▸ **Required action**
Verbatim output, no pictures: the lines from the beginning of the material through the line with "Khamrah Qahwa est", both ends kept.

▸ **Data shown**
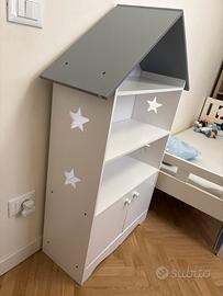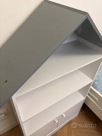 WOLTU Libreria in Legno per Bambini, Scaffale a Forma di Casa, Porta Giochi Organizzatore per Cameretta, con Ante Bianco + Tetto Grigio 62x27,2x115cm
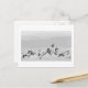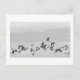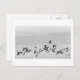 A flock of birds fly across the postcard. A photograph of Little Gulls stylized in shades of grey.
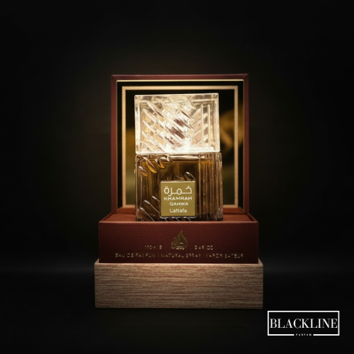 Khamrah Qahwa est un parfum oriental gourmand et épicé, mêlant café Arabica, vanille, praliné et épices.
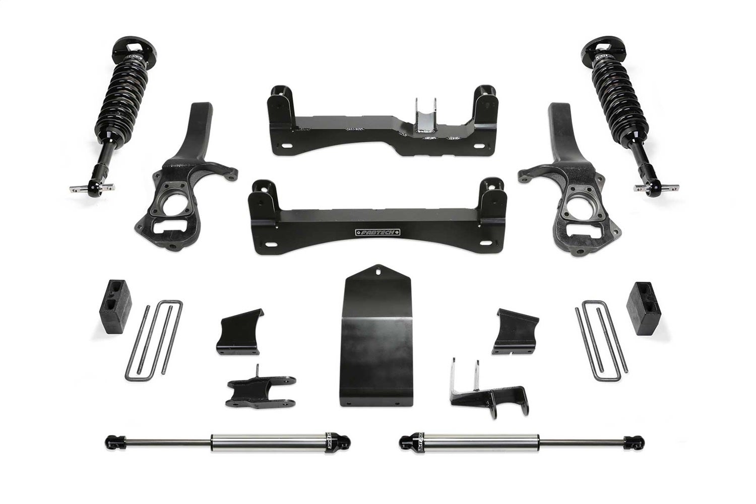 The Chevy Trail Boss and GMC AT4 both have a factory 2" lift compared to other GM 1500 trucks of the same year model. Fabtech's suspension system for these two trucks provide a 4" lift height on top of the factory 2" lift for clearance of 35" tall tires. Once a Trail Boss or AT4 is lifted with a Fabtech 4" system, the truck will sit at the same height as a 1500 with a 6" suspension and 35" tires. The near stock track width keeps the tires under the fenders for a clean appearance. Fabtech's proprietary steering knuckle geometry provides excellent lock to lock turning radius to maneuver in tight spots. Heavy duty 1/4" thick steel crossmembers feature OE style alignment cam pins that utilize the factory cams for easy adjustment. Triple front diff mounts reposition the differential for vibration free operation at high speed. The stainless steel Dirt Logic 2.5 Coilovers replace the Trail Boss or AT4 coilover with an outstanding ride quality both on and offroad. They are designed for aggressive offroad use yet have a supple on road feel. Rear Dirt Logic 2.25 shocks aid in damping the vehicle for a balanced ride. Rear lift is accomplished by removing the factory 2" block and replacing it with a 5" block and u-bolt system. Fabtech has addressed all aspects of the Trail Boss suspension for full suspension travel with lock to lock steering without over cycling. Comes with a free 5 year 60,000 mile Powertrain Warranty.

▸ **Answer**
 WOLTU Libreria in Legno per Bambini, Scaffale a Forma di Casa, Porta Giochi Organizzatore per Cameretta, con Ante Bianco + Tetto Grigio 62x27,2x115cm
 A flock of birds fly across the postcard. A photograph of Little Gulls stylized in shades of grey.
 Khamrah Qahwa est un parfum oriental gourmand et épicé, mêlant café Arabica, vanille, praliné et épices.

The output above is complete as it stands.